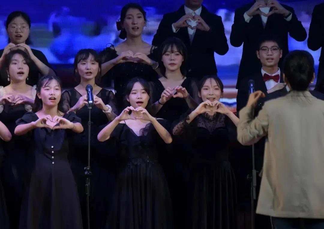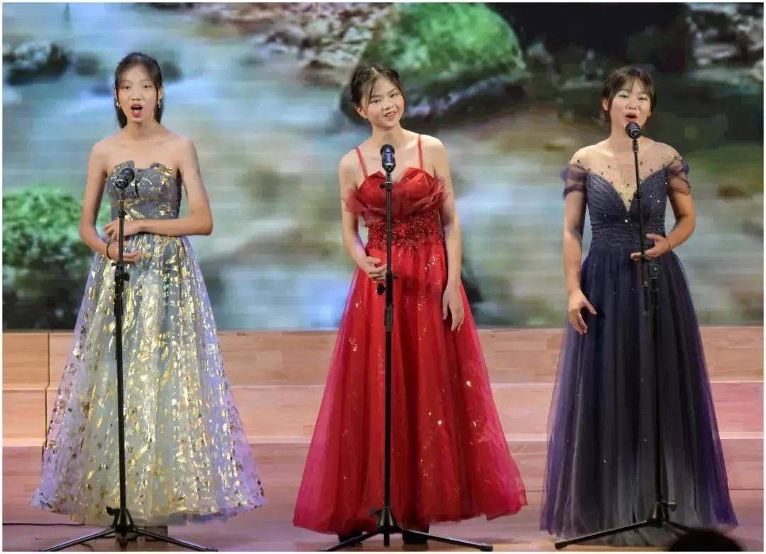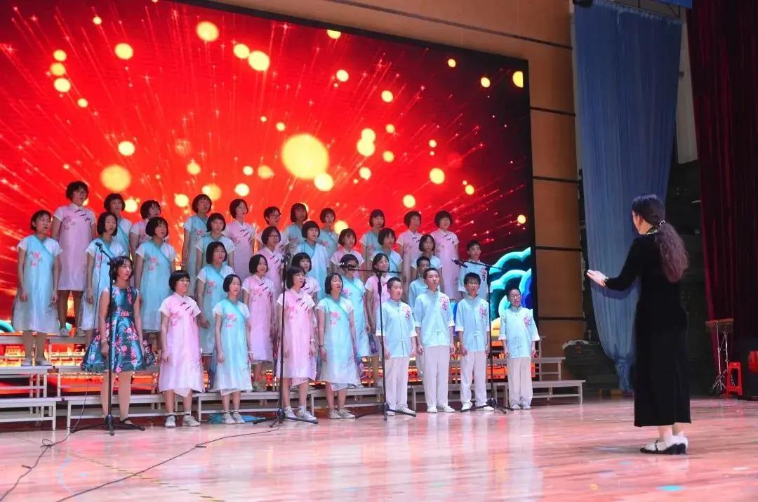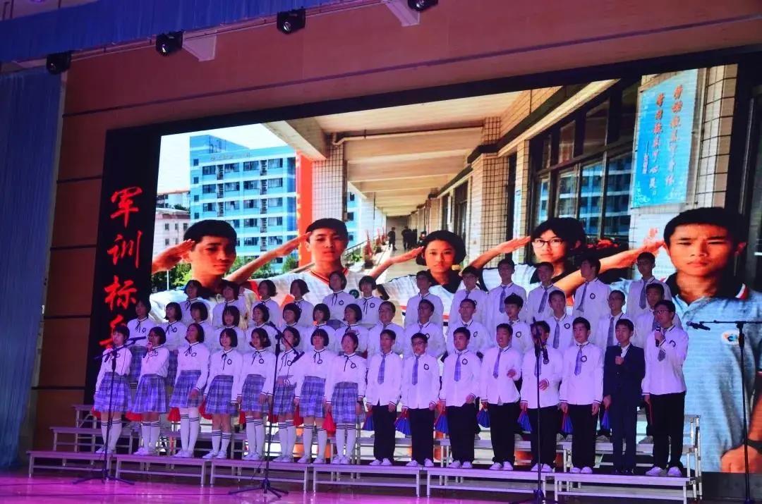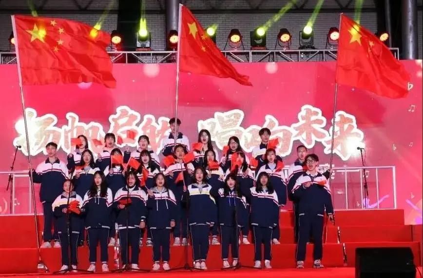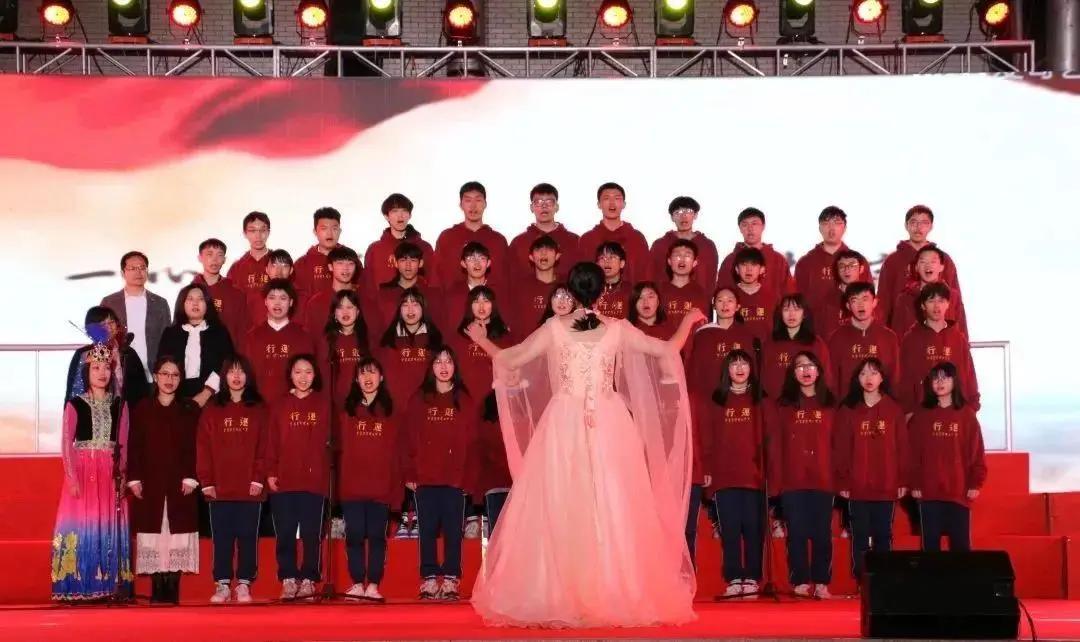 率先上场的是狮高合唱队,一首《红旗飘飘》,一首《爱我中华》将现场气氛点燃。然后是全校30个班级合唱曲目,每个班级均邀请科任教师上台,师生同唱一首歌,展现了狮高师生之间和谐友爱之情。
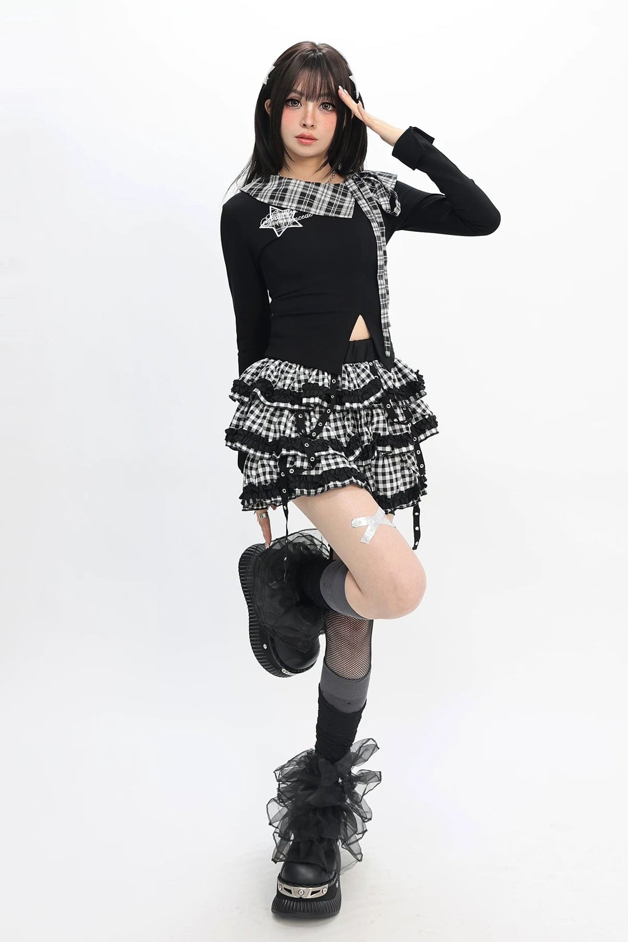 Plaid Fitted Slit Top
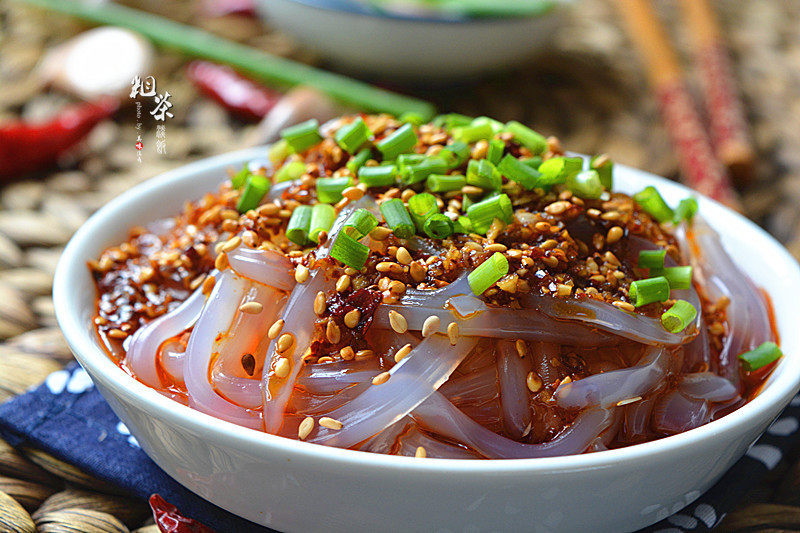 12:凉粉丝做好后,倒入步骤8中的调料汁
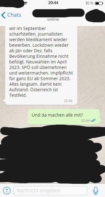 Eine nette Kollegin war völlig verzweifelt, weil sich ihre Tochter entgegen aller Ratschläge und besseren Wissens (die Tochter ist Ärztin) hat impfen lassen: Der psychische Druck, besonders der Leitungsebene, war einfach zu groß. Immerhin hat sie wegen einer Schwangerschaft mit der Impfung (Biontech) gewartet.
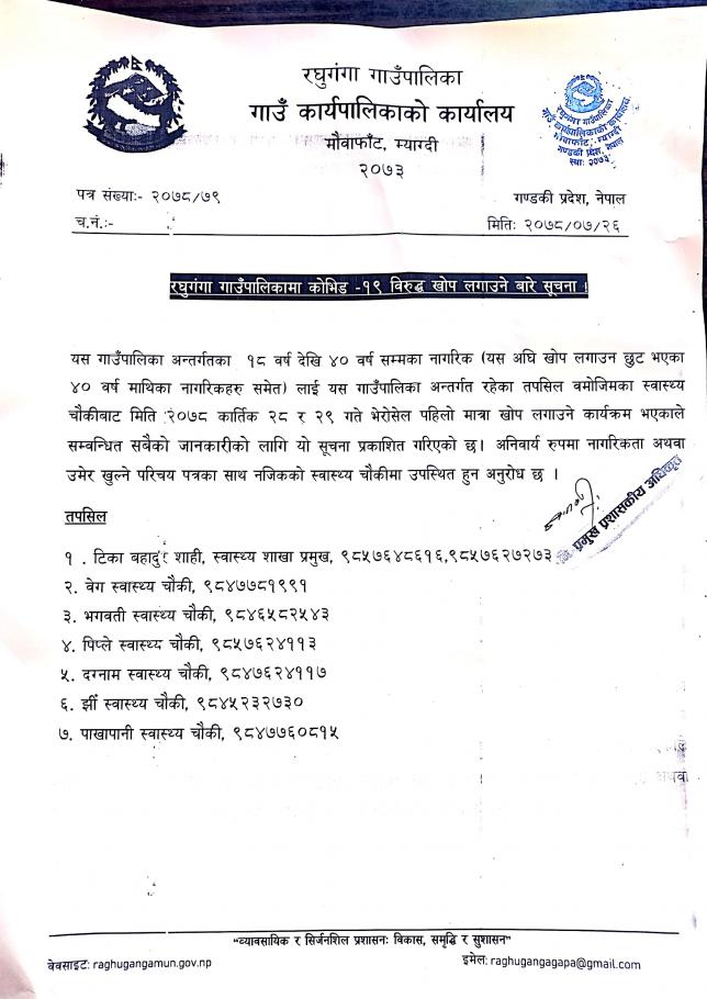रघुगंगा गाउँपालिकामा कोभिड -१९ विरुद्ध खोप लगाउने बारे सूचना l
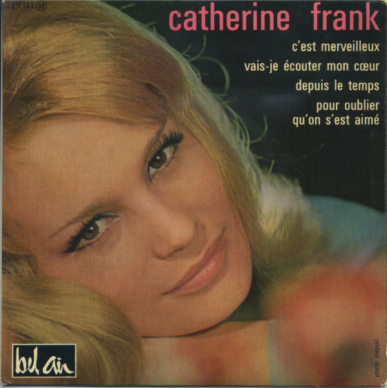 Claudine Coppin, Evy, Ria Bartok, Sophie, Agnès Loti, Catherine Frank… En 1963-64, les producteurs à la recherche de la nouvelle Sylvie lançaient des blondes en espérant qu’elles ne retombent pas trop vite. Catherine Frank allait avoir dix-neuf ans. Elle avait une voix bien perchée et la tessiture qu’il fallait pour des chansons pas si faciles à négocier. Elle a tenu trois 45-tours. Sur le premier, on trouvait trois adaptations d’airs d’outre-Atlantique et, au bout de la deuxième face, Pour oublier qu’on s’est aimé, un titre original signé d’un autre débutant de la maison Bel-Air : Nino Ferrer.
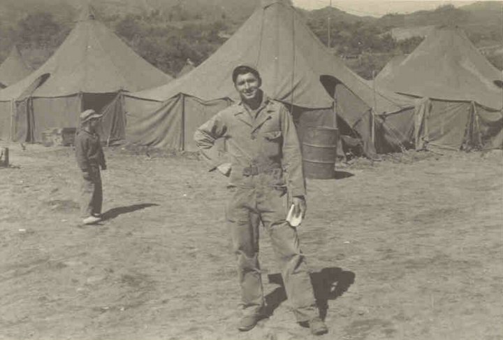 Marine SupportMy assignment with First Marine Support was at the 1st Marine Service Battalion in, specifically, a laundry and shower group. This was from September 1951 through the middle of February 1952. My tasks were to maintain and repair large laundry washers and dryers, set up showers and boilers, place and service hydraulic pumps that drew river water, and to help sort and wash dirty clothes. Marine units would come to our area for a few days of "reserve." We had stacks of clean dungarees and underwear and hot showers. Marines got their first good shower bath in weeks, traded grungy garb for clean, fresh clothes, ate well at the nearest Mess Tent, and went back to the line refreshed, healthier, and feeling/looking good. It was at this location that I was injured in Korea from something other than the enemy. I do not recall the Marine's name, but I heard of a "short-timer," soon to go home via rotation, who was accidentally killed by being crushed between two trucks while returning to G-3-1 from a medical treatment. I did not have that kind of worry, although I was injured about the time I was scheduled to rotate home. I sustained a hand injury at the 1st Service Battalion's Laundry outfit on December 17, 1951. While repairing a large, belt-driven washing machine, I asked the operator what it had been doing before it

> Prompt: Each line between the one holding "रघुगंगा गाउँपालिकामा कोभिड" and the one holding "Claudine Coppin, Evy, Ria", inclusive, should be copied exactly as it appears above, and pictures should be omitted.

> Written reply:
रघुगंगा गाउँपालिकामा कोभिड -१९ विरुद्ध खोप लगाउने बारे सूचना l
 Claudine Coppin, Evy, Ria Bartok, Sophie, Agnès Loti, Catherine Frank… En 1963-64, les producteurs à la recherche de la nouvelle Sylvie lançaient des blondes en espérant qu’elles ne retombent pas trop vite. Catherine Frank allait avoir dix-neuf ans. Elle avait une voix bien perchée et la tessiture qu’il fallait pour des chansons pas si faciles à négocier. Elle a tenu trois 45-tours. Sur le premier, on trouvait trois adaptations d’airs d’outre-Atlantique et, au bout de la deuxième face, Pour oublier qu’on s’est aimé, un titre original signé d’un autre débutant de la maison Bel-Air : Nino Ferrer.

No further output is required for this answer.